■ **WHAT TO WORK ON**
Apart from the images, the entire listing below must be restated word for word.

■ **RAW DATA**
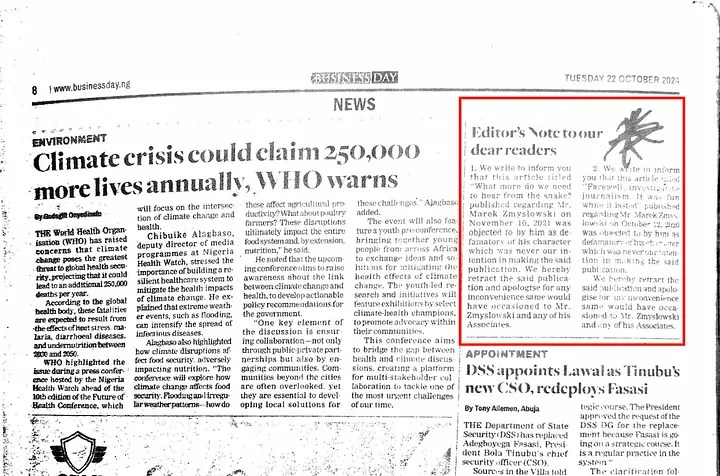 BusinessDay, which also published David’s libel against me, issues an apology.
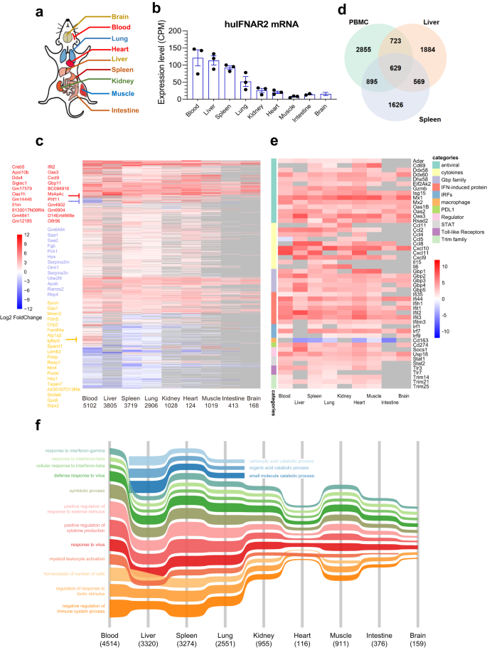 隨后,該團隊研究了腦、血、肺、心、肝、脾、腎、肌肉、腸9個主要組織對人干擾素刺激的體內(nèi)應(yīng)答圖譜。首次揭示了健康個體對人干擾素應(yīng)答的組織和器官特異性,其中,血液和肝臟免疫應(yīng)答最明顯,而腸道和腦免疫應(yīng)答最弱(圖3)。該研究所描繪的器官和組織特異性干擾素應(yīng)答圖譜尚未在健康人體中報道。
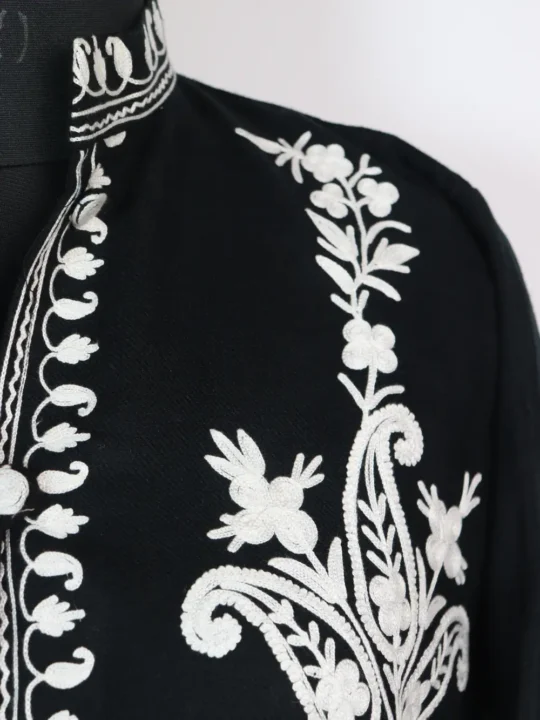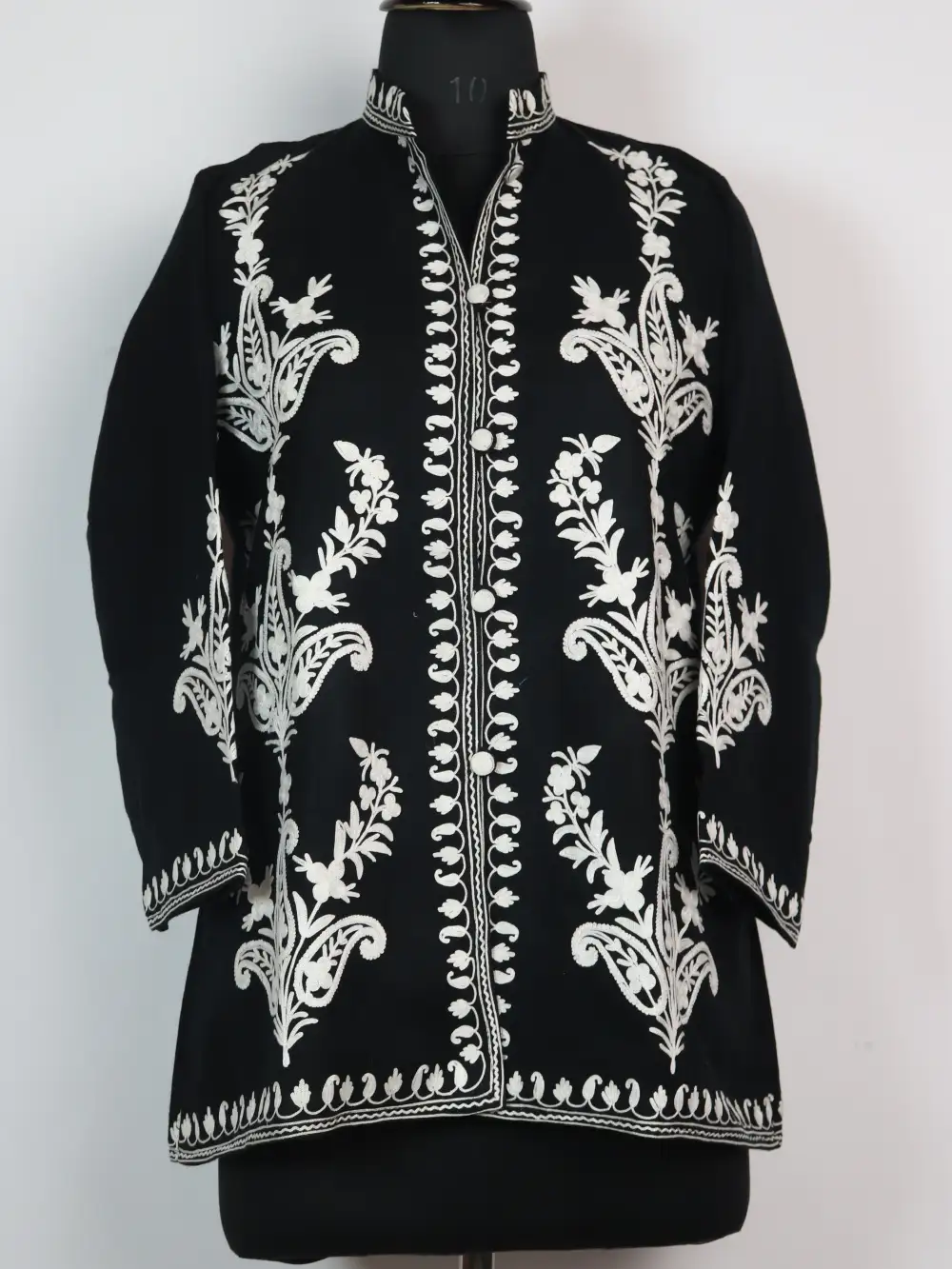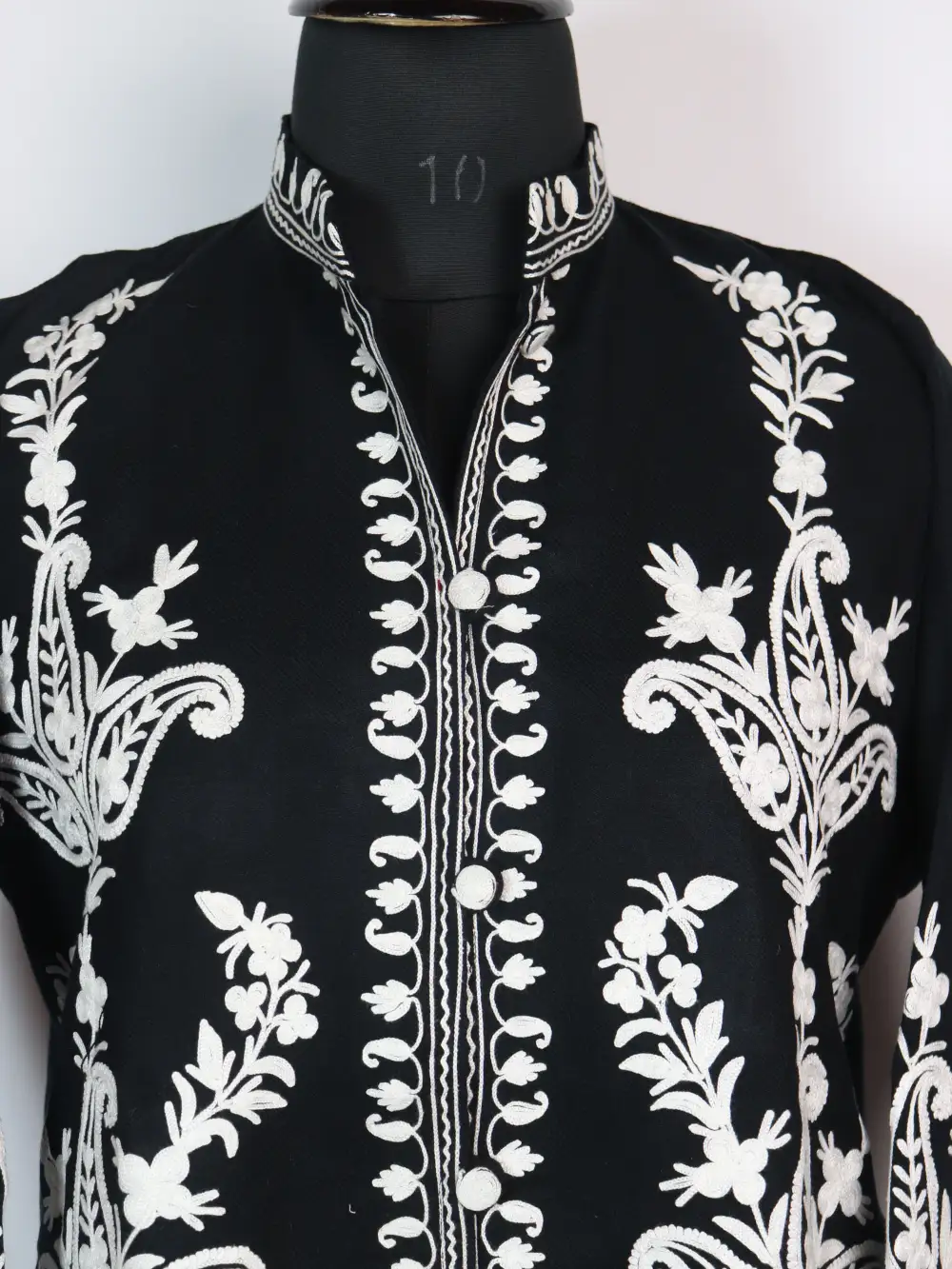 The short Mehreen coat combines warmth and elegant work in black Cashmilon wool. White floral and tiny badam Aari embroidery traces its borders beautifully. With a 44-inch chest measurement, this coat allows free movement while layering comfortably. It has lining attached for additional warmth, this coat blends cozy winter functionality with charming design, which makes this jacket an ideal choice for cold-weather dressing.

■ **OUTPUT OF THE TASK**
 BusinessDay, which also published David’s libel against me, issues an apology.
 隨后,該團隊研究了腦、血、肺、心、肝、脾、腎、肌肉、腸9個主要組織對人干擾素刺激的體內(nèi)應(yīng)答圖譜。首次揭示了健康個體對人干擾素應(yīng)答的組織和器官特異性,其中,血液和肝臟免疫應(yīng)答最明顯,而腸道和腦免疫應(yīng)答最弱(圖3)。該研究所描繪的器官和組織特異性干擾素應(yīng)答圖譜尚未在健康人體中報道。
 The short Mehreen coat combines warmth and elegant work in black Cashmilon wool. White floral and tiny badam Aari embroidery traces its borders beautifully. With a 44-inch chest measurement, this coat allows free movement while layering comfortably. It has lining attached for additional warmth, this coat blends cozy winter functionality with charming design, which makes this jacket an ideal choice for cold-weather dressing.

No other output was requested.